# Interesting article: How much pms do you need?



## Immolatus (Feb 20, 2011)

From ZH, with chart pr0n included!

If you look through all the comments, a decent amount of these people are preppers.


----------



## The_Blob (Dec 24, 2008)

well, the silver chart COULD be screwed up... it assumes the current 51-1 ratio and NOT the historical 17-1 ratio (either scenario is possible)

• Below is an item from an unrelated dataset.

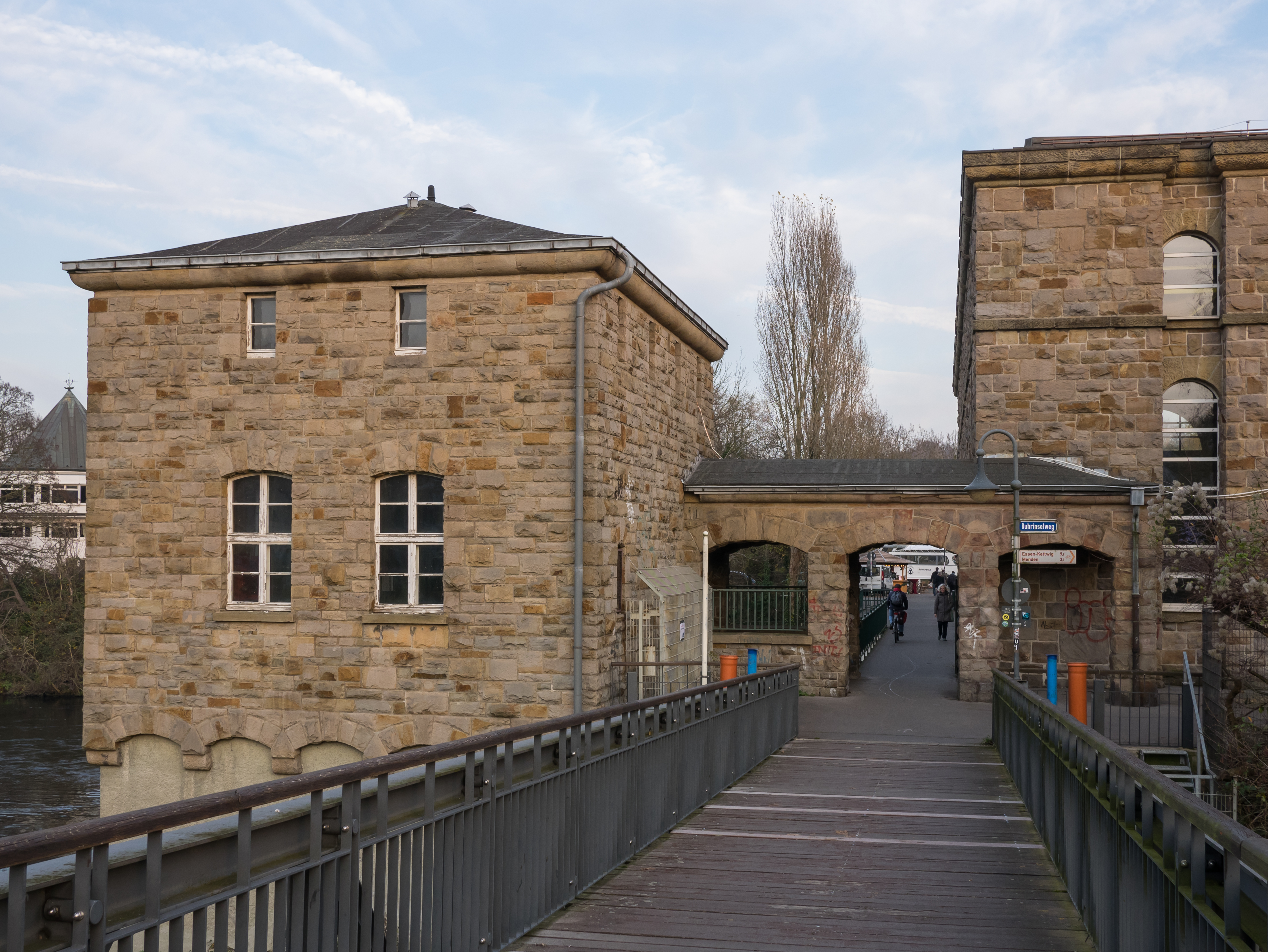 Kassenberg bridge and repump station at the hydrodynamic power station Kahlenberg. Mülheim/Ruhr, NRW, Germany

if the historical ratio makes a comeback then you would only need about 1/3 in silver as the chart says, yet the SAME amount for Gold...


----------



## Immolatus (Feb 20, 2011)

Good point.


----------



## k0xxx (Oct 27, 2011)

"How much pms do you need?" Not a dang bit, I get enough of that from my wife... But seriously, The_Blob makes an excellent point. 

I had never sat down and figured it on a expense/ounce ratio before. If the charts are correct the way they are, then I'm in a good position for quite a few years. If silver goes back to it's historical ratio, then even better!


----------



## AKPrepper (Mar 18, 2011)

k0xxx said:


> "How much pms do you need?" Not a dang bit, I get enough of that from my wife... But seriously, The_Blob makes an excellent point.
> 
> I had never sat down and figured it on a expense/ounce ratio before. If the charts are correct the way they are, then I'm in a good position for quite a few years. If silver goes back to it's historical ratio, then even better!


Dang, you beat me to it.  Been married for 31 years....had about all the pms I ever care to get..........


----------